Гностики, допуская идею о бессмертии души, отрицали возможность телесного воскресения и, не будучи в состоянии отвергнуть ясное учение Писания о воскресении, на вопрос: чтó же собственно воскреснет при «кончине века»? — прибегали к иносказательному разъяснению слова воскресение и разумели под ним исход души из тела и переход ее к высшему ведению (Tertullianus. De resurectione carnis.19). В этом отношении интересен отрывок О воскресении (Περὶ ἀναστάσεως), обнаруженный в Парижском кодексе так называемых параллельных мест Иоанна Дамаскина, в котором он приводится под именем Юстина[11]: «Если бы воскресение было только духовное, — пишет автор данного отрывка, — то сам [Христос], воскреснув, должен был отдельно показать тело лежащее, отдельно душу существующую. Но этого Он не сделал, а воскресил тело, в себе самом подтверждая обетование жизни. Для чего же Он восстал в пострадавшей плоти, как не для того, чтобы показать воскресение плоти? И желая удостоверить в этом, когда ученики Его не верили, что Он истинно восстал телом, когда они видели и сомневались, — Он сказал им: “Еще ли не веруете? Видите, это — Я” (Лк.24:38-39. — Р.Х.). И предоставил им осязать себя и показал следы гвоздей на руках. И когда вполне познали, что Он и в теле находится перед ними, пригласили Его есть с ними, чтобы и через это несомненно убедиться, что Он истинно воскрес телесно. Тогда Он вкусил меда и рыбы. Таким образом показал им, что истинно есть воскресение плоти. Он, желая показать — ибо, по Его словам (ср. Ин.14:2-3; Флп.3:20. — Р.Х.), “на небе житие наше” — и то, что не невозможно плоти взойти на небо, вознесся пред глазами их на небо, как был во плоти» (De resurrectione.9).
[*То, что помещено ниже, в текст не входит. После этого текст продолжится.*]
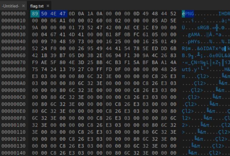 Setelah muncul, ternyata isi dari file "flag.txt" tersebut terlihat menampilkan karakter - karakter aneh. Dari hint yang diberikan menyinggung tentang tipe file, maka mungkin file ini aslinya bukan txt. Jadi saya mencoba mengeceknya dengan dengan hex editor untuk melihat struktur filenya. Disini saya menggunakan website "HexEd.it".

О других гностических учениях повествует все тот же Ириней в первой книге Ἔλεγχος καὶ ἀνατροπὴ τῆς ψευδωνύμου γνώσεως. Например, учение Карпократа было близко к идее Платона о переселении душ (Iren.Haer.I..20:1-4[25:1-6]). Кроме того, Карпократ и его последователи учили, что «Иисус родился от Иосифа и был подобен рожденным людям (τὸν δὲ Ἰησοῦν ἐξ Ἰωσὴφ γεγενῆσθαι, καὶ ὅμοιον τοῖς ἀνθρώποις γεγονότα)», но отличался от них тем, что «душа Его, твердая и чистая (ψυχὴν αὐτοῦ εὔτονον καὶ καθαρὰν)», хорошо понимала то, что она видит «в сфере нерожденного Бога (ἐν τῇ μετὰ τοῦ ἀγεννήτου θεοῦ περιφορᾷ)» (Iren.Haer.I.20:1[25:1]). Ириней также сообщает, что последователи Карпократа «имеют частью нарисованные, частью из другого материала изготовленные изображения, говоря, что образ Христа сделан был Пилатом в то время, когда Иисус жил с людьми (formam Christi factam a Pilato, illo in tempore quo fuit Jesus cum hominibus)». Карпократиане украшали их венцами и выставляли вместе «с изображениями мирских философов (cum imaginibus mundi philosophorum), именно с изображением Пифагора, Платона, Аристотеля и прочих», оказывая им, как язычники, знаки почтения (Iren.Haer.I.20:4[25:6]).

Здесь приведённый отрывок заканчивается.